I have a container with shared_ptr<>, e.g. a vector<shared_ptr<string>> v and I'd like to iterate over v indicating const-ness.
This code:
vector<shared_ptr<string>> v;
v.push_back(make_shared<std::string>("hallo"));
...
for (const auto &s : v) {
*s += "."; // <<== should be invalid
}
looks like what I want to do (indicating that s is const) but of course it does not make the string const.
Is there an elegant way to iterate over a container of shared_ptr which makes clear that the content won't be modified?
Something like
for (shared_ptr<const string> s : v) {
*s += "."; // <<== will not compile
}
(but this code would not compile for other reasons :))
Edit:
I made a mistake. Originally I was declaring a reference, which results in a compiler error
for (shared_ptr<const string> &s : v) { // <<== does not compile
...
}
If you declare a shared_ptr<const string> the example works. In my eyes this is a good trade-off but this way the pointer gets copied which can be time consuming in loops with little code and big containers..

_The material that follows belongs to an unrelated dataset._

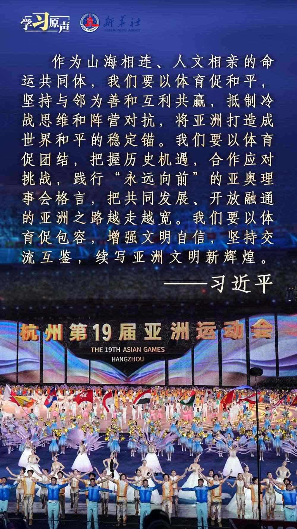 秋分時節(jié),舉世矚目的杭州第十九屆亞洲運動會隆重開幕?!皝喼捱\動會承載著亞洲人民對和平、團結(jié)、包容的美好向往?!绷暯街飨诤贾莸谑艑脕喼捱\動會開幕式歡迎宴會上的致辭,傳遞著熱情友好的情誼,宣示了新時代中國推動亞洲大家庭團結(jié)合作的堅定決心,為促進亞洲和國際奧林匹克運動發(fā)展、共建亞洲命運共同體注入強大信心與力量。

This is a well-known limitation of C++ that some don't consider to be a limitation.
You want to iterate constly, but an immutable pointer doesn't imply an immutable pointee.
The type shared_ptr<string> and the type shared_ptr<const string> are effectively unrelated.
for (const auto& ptr : v) {
const auto& s = *ptr;
s += "."; // <<== is invalid
}
Just don't modify it.